The church does not compel its followers to support a specific candidate.” He also praised the “boldness” of Hamdeen Sabbahi for competing against Sisi’s increasing popularity.

The bishop represented the Coptic Church in the 50-member committee that drafted the recent constitutional amendments, passed in January’s referendum.
In a press statement made during an ongoing visit to the UAE Coptic Patriarch Pope Tawadros II said the church would not support a specific candidate during the upcoming presidential elections, adding that the candidates would present their programs on which the citizens, Muslims or Copts, would vote.
Indeed, Coptic author Soliman Shafiq rejected the notion that all Christians support Sisi.

In a May 5 statement on his Facebok page, he noted that the military had reneged on its commitments to renovate the demolished churches in Upper Egypt’s governorates.

Supporters of Mohamed Morsi had attacked dozens of churches in different governorates following the dispersal of the pro-Muslim Brotherhood Rabaa al-Adaweya and Nahda Square sit-ins. Upper Egyptian areas like Minya were particularly affected and the military had pledged to rebuild and renovate affected churches.

Shafiq claimed the Engineering Authority of the Armed Forces renovated the Rabaa al-Adaweya Mosque following its dispersal but “ignored” Copts who were thus forced to celebrate Easter “in the ruins of their churches.”

Salafi Nour Party

Many Copts expressed anxiety over a rapprochement between Sisi and Salafis, in light of a campaign launched by the Nour Party to endorse his candidacy.
Coptic intellectual Kamal Ghobrial told The Cairo Post Sunday that dissolving religious parties is a “necessary” top priority to pave the path towards unification of the country’s education and the consequent elimination of terrorist ideas that dominate the mentality of extremists.

The Salafi Nour party itself has been attacked by many who cite Article 74 of the constitution, which bans religious parties. Coptic activist Medhat Kelada filed a lawsuit to ban the Nour Party on Jan. 18, and said in a press statement that the Administrative Court was scheduled to take a decision in June.

Conversely, Bishop Paula praised the rapprochement between Sisi and the Salafis, saying, “It came in the framework of his cordial relations with different categories of Egyptian people.” He added that Sisi is a religious person but “does not adopt the extremist approach.”

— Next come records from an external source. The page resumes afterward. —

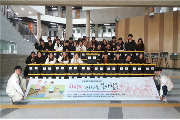 국립 한밭대학교(총장 최병욱)가 지난 28일부터 29일까지 이틀간 민족 대명절인 설을 맞이하여 도움의 손길을 필요로 하는 지역 어르신들과 사회복지시설, 유성구 내 어려운 이웃(50세대)을 찾아가 따뜻한 정을 나누어 화제가 되고 있다.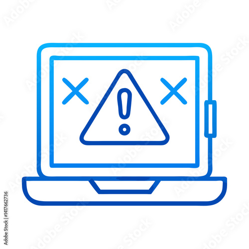 Laptop with Error Icon Representing Coding Bug and Software Issue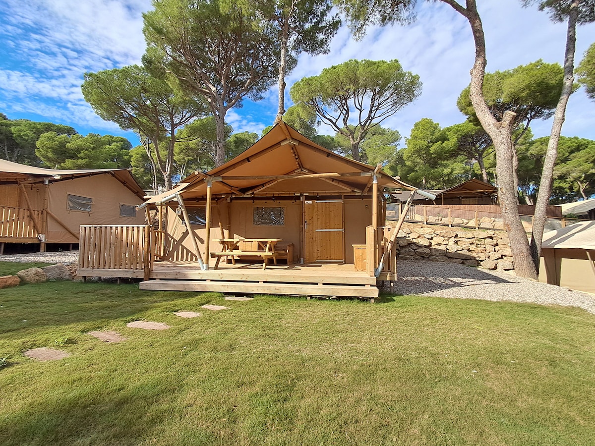 Tiendas glamping situadas en la parte media-alta del resort. Capacidad para 4 personas. Disponen de dos dormitorios, uno con cama de matrimonio (150x200) y otro con litera de camas individuales (80x200); cocina equipada. Terraza cubierta con sofá y mesa de madera para pícnic. No dispone de baño pero sí de agua corriente, deben utilizarse los baños y duchas de la zona común de acampada. Sábanas y toallas no incluidas (ofrecemos servicio de alquiler). No se aceptan mascotas.
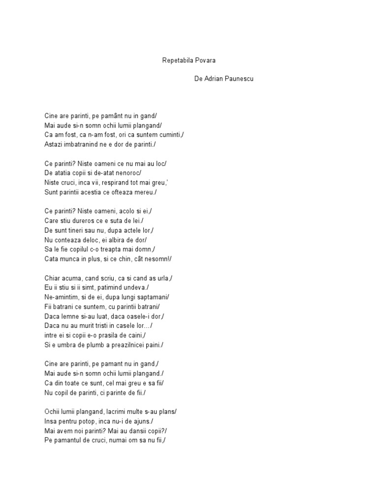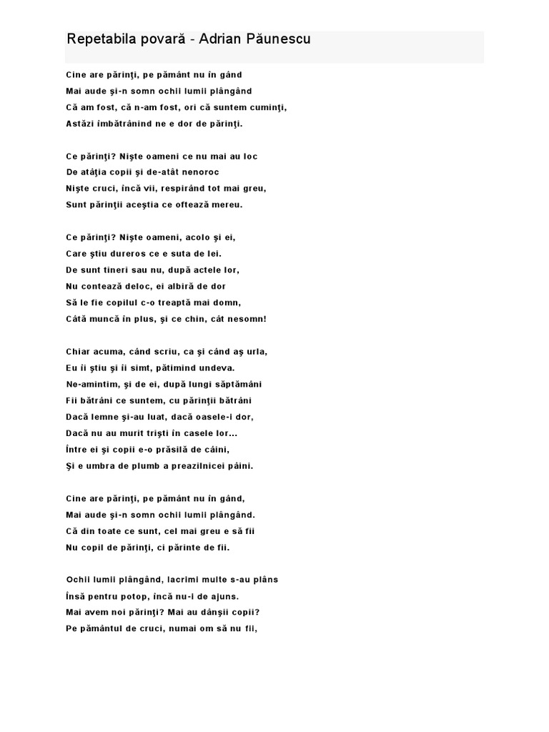 Repetabila povară de adrian păunescu. Versuri adrian păunescu repetabila povara. Repetabila povară cine are părinţi pe pământ nu în gând mai aude şi n somn ochii lumii plângând că am fost că n am fost ori că suntem cuminţi astăzi îmbătrânind ne e dor de părinţi. Repetabila povară riscul poeziei politice apare într o ediţie nouă repetabila povară.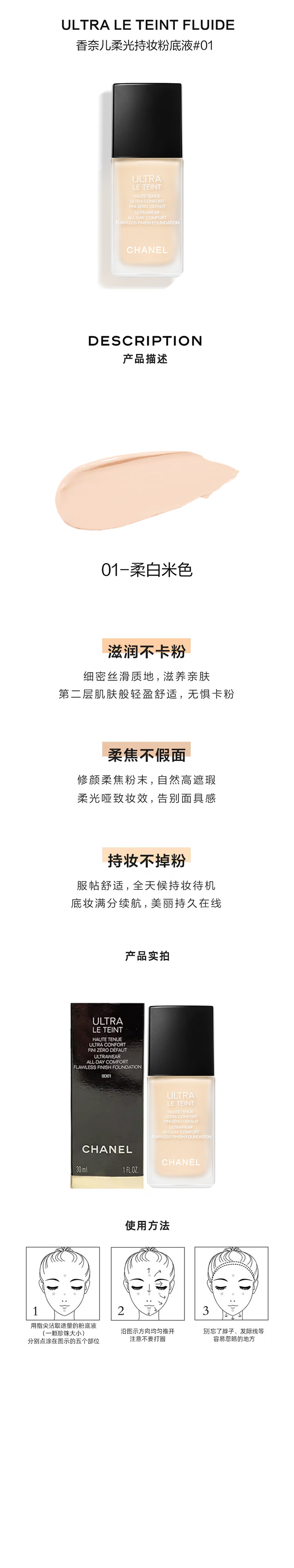 香奈儿(Chanel)柔光持妆粉底液30ml(BD01)小磨方持久遮瑕防水防汗控油圣诞节礼物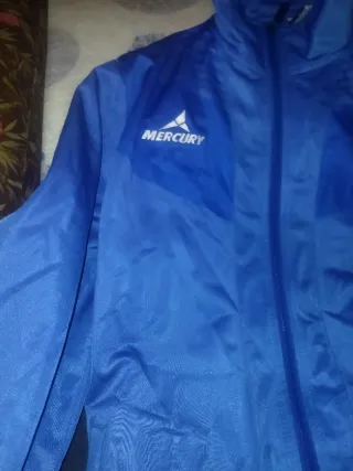 Conjunto deportivo de chándal. - Chaqueta azul con cremallera. - Pantalón negro. - Logo de Mercury en ambas prendas.
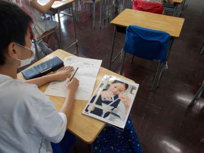 分度器を使い、決められた角度を実際に書いています。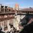 Le Mission Inn occupe un pâté de maisons entier avec 238 chambres, présentant de grandes arches, des dômes, des tours et plusieurs styles architecturaux.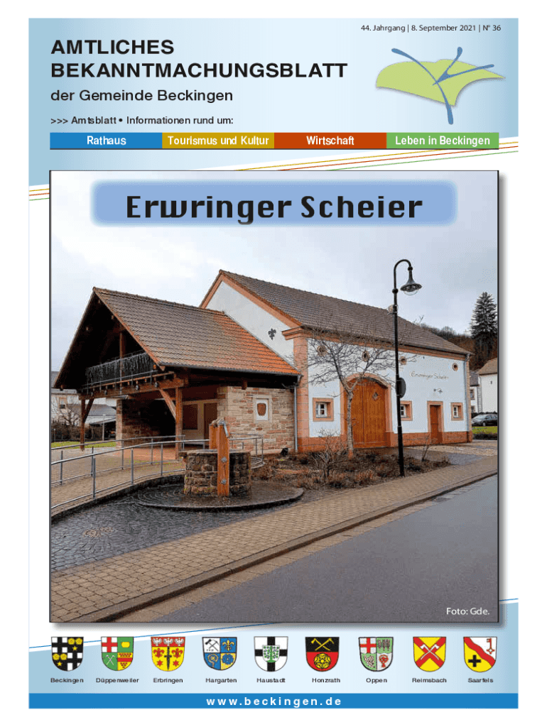 BEKANNTMACHUNGSBLATT44. Charging | 8. September 2021 | N 36der Demand Backing Amtsblatt Informationen round um:RathausTourismus UND KulturWirtschaftLeben in BeckingenErwringer ScheierFoto:
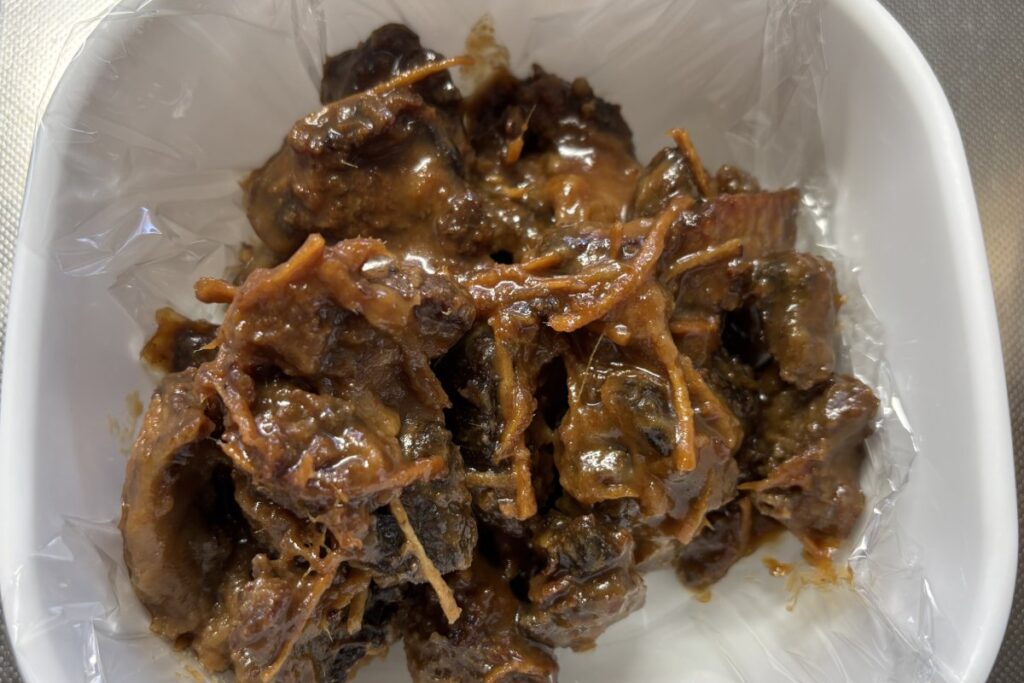 完成。脂がすごいので、タッパーにラップを敷いてから保存します。

Paula’s vision corresponds to the recent statement issued by leading member of Nour Party Nader Bakar who described Sisi as an Islamist candidate. He said in an interview with Al-Hayat Satellite Channel that while the presidential candidate did affiliate himself with any Islamist movements, he adopts the Islamic thoughts of the Egyptian people.

New Sadat era

“We could face a new era of discrimination like what happened during the term of former President Anwar Sadat,” said Yosab Abadeer, a Coptic dentist.
He described the relation between the Nour Party and Sisi as a deal in which the Islamist party would support the roadmap in return for the maintenance of their place on Egypt’s political scene.

He told The Cairo Post the matter is not limited to rapprochement between Sisi and the Nour Party, but extends to the religious speech adopted by the presidential runner.
He added that Sisi repeated the phrase, “As a Muslim” during his interview last week with CBC and ONTV satellite channels to promote himself as a “believer president.”

Former President Anwar Sadat was keen to promote himself as a religious president. His rule witnessed a number of clashes between the church and the state due to violence committed against Copts. Many experts blamed the then sectarian atmosphere in the country on Sadat’s allowing of extremists to perform a political role.

Ghobrial described the Islamic tone witnessed in Sisi’s electoral speech as disturbing. He added, “I think that while he will not adopt a hostile approach against the Copts, he will not allow them to participate in political life.”